*Work request*: Where an image appears, leave it out; otherwise repeat the data exactly.

[[ Source data, beginning ]]

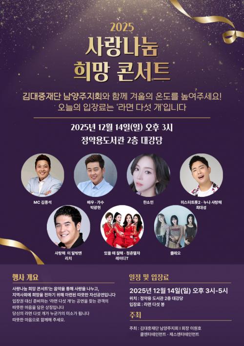 [½Åµ¿¾Æ¹æ¼Û] ¿Ã°Ü¿ï Áö¿ª »çȸ¸¦ µû¶æÇÏ°Ô Àû½Ç ¶æ±íÀº ÀÚ¼± °ø¿¬ ¡®2025 »ç¶û³ª´® Èñ¸Á Äܼ­Æ®¡¯°¡ ¿À´Â 12¿ù 14ÀÏ ¿ÀÈÄ 3½Ã, Á¤¾à¿ëµµ¼­°ü 2Ãþ ´ë°­´ç¿¡¼­ ¿­¸°´Ù. ±è´ëÁßÀç´Ü ³²¾çÁÖÁöȸ°¡ ÁÖÃÖÇÏ´Â À̹ø Çà»ç´Â À½¾ÇÀ» ÅëÇØ Èñ¸ÁÀ» ÀüÇÏ°í ¾î·Á¿î ÀÌ¿ôÀ» µ½´Â µ¥ ¸ñ¡¦
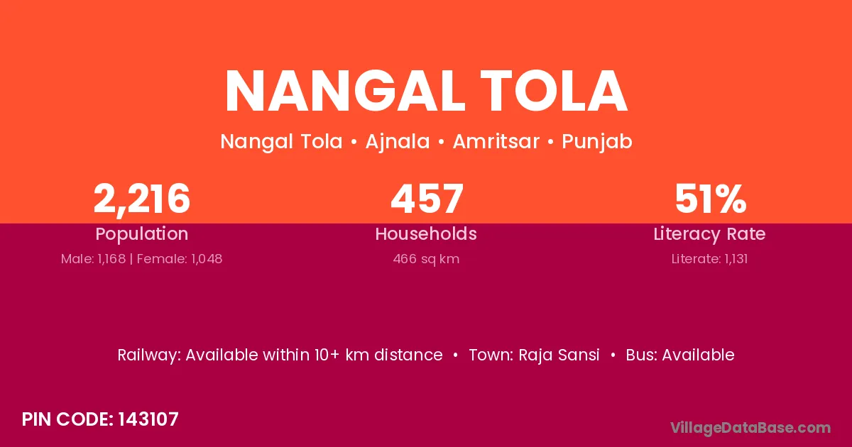Raja Sansi is the nearest town to Nangal Tola village for major economic activities
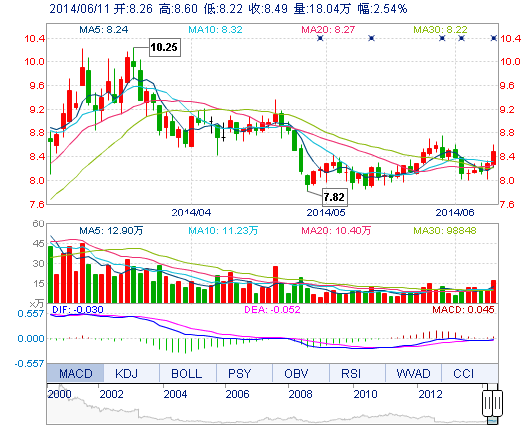 | 今 開: | 8.26 | 成交量: | 18.04萬手 | 振 幅: | 4.59% |
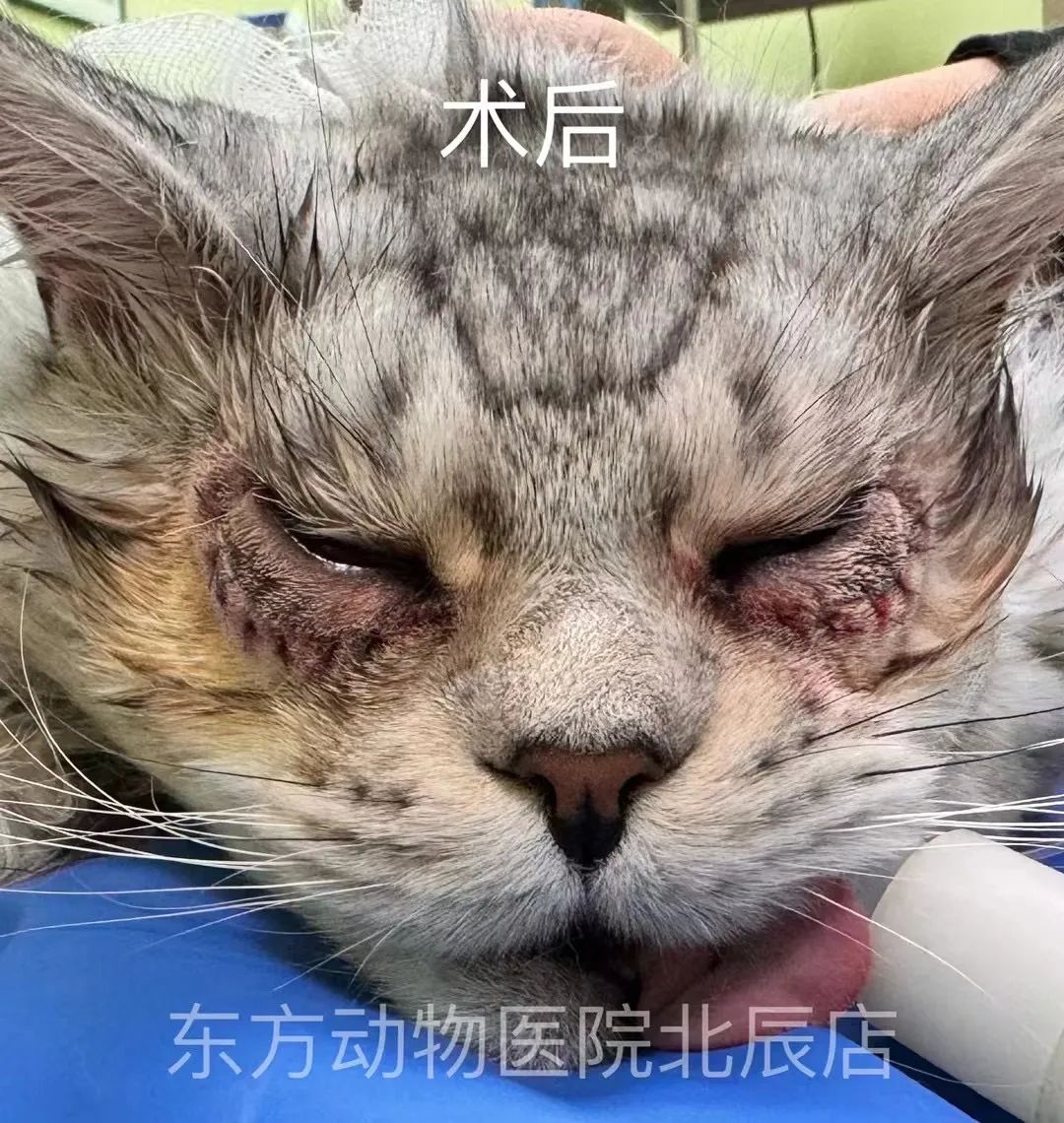 然而,幸运的是,及时的手术矫正为它带来了新的希望。在专业医生的精心操作下,这场与眼睑内翻的战斗取得了阶段性的胜利。我们有理由相信,在不久之后,这只勇敢的缅因猫必将重焕往日光彩。它那双迷人的眼睛,定会如璀璨的卡姿兰大眼睛一般,再度熠熠生辉,散发着灵动与活力,继续在它的世界里探索、嬉戏,为人们带来无尽的欢乐与温馨。

[[ Source data, end ]]

*Problem solution*:
 [½Åµ¿¾Æ¹æ¼Û] ¿Ã°Ü¿ï Áö¿ª »çȸ¸¦ µû¶æÇÏ°Ô Àû½Ç ¶æ±íÀº ÀÚ¼± °ø¿¬ ¡®2025 »ç¶û³ª´® Èñ¸Á Äܼ­Æ®¡¯°¡ ¿À´Â 12¿ù 14ÀÏ ¿ÀÈÄ 3½Ã, Á¤¾à¿ëµµ¼­°ü 2Ãþ ´ë°­´ç¿¡¼­ ¿­¸°´Ù. ±è´ëÁßÀç´Ü ³²¾çÁÖÁöȸ°¡ ÁÖÃÖÇÏ´Â À̹ø Çà»ç´Â À½¾ÇÀ» ÅëÇØ Èñ¸ÁÀ» ÀüÇÏ°í ¾î·Á¿î ÀÌ¿ôÀ» µ½´Â µ¥ ¸ñ¡¦
Raja Sansi is the nearest town to Nangal Tola village for major economic activities
 | 今 開: | 8.26 | 成交量: | 18.04萬手 | 振 幅: | 4.59% |
 然而,幸运的是,及时的手术矫正为它带来了新的希望。在专业医生的精心操作下,这场与眼睑内翻的战斗取得了阶段性的胜利。我们有理由相信,在不久之后,这只勇敢的缅因猫必将重焕往日光彩。它那双迷人的眼睛,定会如璀璨的卡姿兰大眼睛一般,再度熠熠生辉,散发着灵动与活力,继续在它的世界里探索、嬉戏,为人们带来无尽的欢乐与温馨。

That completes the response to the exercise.